Health officials are watching the number of hospitalizations, the number of people on ventilators, the amount of stress on hospitals and need for personal protective equipment, and other indicators that show the impact of rising case numbers, Levine said. The state’s hospital system is not currently challenged.
“We are in [a] much better place than we were in the spring,” said Levine, who said the state was not considering new restrictions like those imposed in the red and yellow phases of the state’s spring shutdown.
Public health officials attribute the lower hospitalization and death rates to better medical care, access to therapeutic treatments such as the drug remdesivir, expanded testing that means not only the sickest patients are being tested, and a wider age range of patients.

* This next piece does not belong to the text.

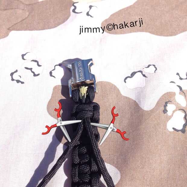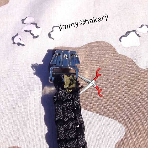 Cuidadosamente snip y los cables de exceso de la chamusquina Use sus tijeras y su luz de la antorcha Tenga cuidado de no cortar o quemar a ti mismo Después de esto la pulsera tendrá un aspecto acabado

In the spring, a larger proportion of patients were older adults, who are more likely to have severe or fatal cases, the Department of Health said.
Levine said the state was also monitoring case numbers in relation to schools, noting that schools have local control in deciding whether to offer in-person education but that they should follow Department of Health guidance. The state recommends remote learning after an area reaches a certain rate of infection.
Though numbers are low, the state has seen a threefold increase in hospitalizations since the end of August, with more than 1,100 peoplenow admitted. And Levine said she expected the already high case counts to continue rising, which means hospitalization and death rates could do the same.
The state’s positive test rate for the 248,480 tests done in the last seven days was about 5.8% on Thursday, up from 5% at the end of last week.
Levine asked Pennsylvanians to “answer the call” to stop the spread of COVID-19 by wearing a mask, practicing social distancing, downloading the state’s COVID-19 app, and answering the phone calls of contact tracers. She said flattening the state’s transmission rate will require individual efforts from people stopping the spread within their own small circles.
“That’s how we’re going to make progress in terms of stopping the spread,” she said. “We all need to look inward and within our own families and communities, because that’s where the progress is going to lie.”
Philadelphia Health Commissioner Thomas Farley also asked city residents on Tuesday to cancel holiday plans and stay at home because of the case surge.
New Jersey reported 1,477 new cases and eight deaths. Several counties in North Jersey reported more than 100 new cases Thursday, and officials were sending a team to assist Newark with spiking cases.
Murphy also reminded residents to celebrate Halloween safely this weekend, urging revelers to wear proper masks and keep socially distanced if trick-or-treating.
“While you may wish to dress up like a knucklehead on Saturday, we don’t want anyone to act as one,” he said.
Staff writer Kristen A. Graham contributed to this article.